Став и. о. министра в марте 1833-го (а в апреле назначив заведовать столичным губнаробразом и Горлитом известного нам дундука), он уже в майском номере «Московского телеграфа» обнаружил подходящий материал. Антисоветскую публикацию. За которую, действительно, при Сталине автор (кажется, не Николай Полевой, а в данном случае Ксенофонт) отправился бы в такие места, где ворон не собрал бы его костей. Да и при Хрущёве, Брежневе и др. — с ним тоже не случилось бы ничего особенно хорошего.

Это была статья про книгу Вальтера Скотта «Жизнь Наполеона Бонапарте». Книгу автор статьи хвалил, однако же упрекал англичанина за недооценку России:

«…Не сказал почти ничего о состоянии духа народного в России 1812 года. А какой важный предмет для рассмотрения представлялся ему!»

Зачин прекрасный! Проблематика, можно сказать, «Войны и мира». Отчего же дундуку сразу послышался в этом восклицании какой-то дьявольский смешок?

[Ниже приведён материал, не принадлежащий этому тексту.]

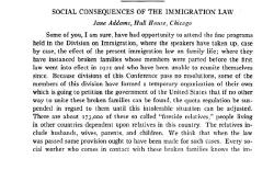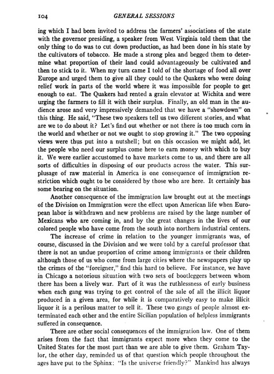 There are other social consequences of the immigration law. One of them arises from the fact that immigrants expect more when they come to the United States for the most part than we are able to give them. Graham Taylor, the other day, reminded us of that question which people throughout the ages have put to the Sphinx: "Is the universe friendly?" Mankind has always [page 4] wanted to discover an affirmative answer, and because the immigrants to the United States expect us to be friendly they quickly catch anything which seems to them harsh or unfair. It is curious how quickly they find out friendliness in even remote places which pertains to their problems. In 1921 a conference on migratory labor was held in Geneva by the International Labor Office. Italians in our neighborhood became enormously interested and came to talk to me about it with real enthusiasm. Certain Italians had been going down each year to South America in order to harvest a crop south of the equator, and then to work their way up through Central America and the western states, all the way to Canada, following the ripening of the grain and harvesting as they went. They sometimes got into trouble, were even threatened with peonage in places remote from an Italian consul. When they heard there was going to be some care taken of these migratory laborers, that there was an organization over in Geneva which was at least interested in this very useful business of harvesting the grain of the world, these men felt reassured that such a friendly thing could happen to them, and that it was on an international scale made it more wonderful.

«Он увидел бы необычайное явление совершенного спокойствия, уверенности, можно сказать, неподвижности нашей при великих событиях».

Вроде всё правильно. Цензору только следовало вымарать неподвижность.

«Никогда и ни в каком государстве, при чужеземном нашествии, народ не оказывал такой доверенности к властям».

Это — да. Тут всё нормально.

«Французы были уже в сердце России, а мы даже не знали, что делается в наших армиях».

Ведь был же — для таких именно случаев — специальный секретный циркуляр: это же типичная неконтролируемая аллюзия. На 1941-й. Кто цензировал? Двигубский?

«Французы были уже в Москве, а мы и не беспокоились об этом».

Если понимать по-прежнему в том смысле, что народ безоговорочно доверял политическому руководству, — возражений нет; а всё же фраза излишне хлёсткая.

«Конечно, расстройство вещественное было велико; многие дела и сношения прекратились, но никто не почитал потери столицы гибельною для государства; все, напротив, были в какой-то уверенности, что нашествие Наполеона есть мимоидущая буря, после которой всё примет прежний вид».

Вот что хорошо, то хорошо. И Льву Толстому пригодится.

«Говорят об ожесточении крестьян, о народной войне, но —»

Что такое? что ещё за но? какое тут может быть но?

«— но ничего этого не было».

Снять Двигубского, немедленно, телефонограммой, уволить. Без пенсиона.

«Может быть, на всём пространстве пути французов, и с окрестностями Москвы, где прожили они довольно долго, несколько десятков, и едва ли сотен мужиков оказали сопротивление фуражирам и мародёрам, но разве это значит народная война?»

Вот на что замахнулся. Ну берегись.

«Русские дворяне и купцы сделали великие пожертвования; но не прежде, как при воззвании своего монарха. Из Москвы бежали, в Петербурге готовились к бегству, но сопротивления народного не было нигде. Как же было не заметить такого необычайного явления…»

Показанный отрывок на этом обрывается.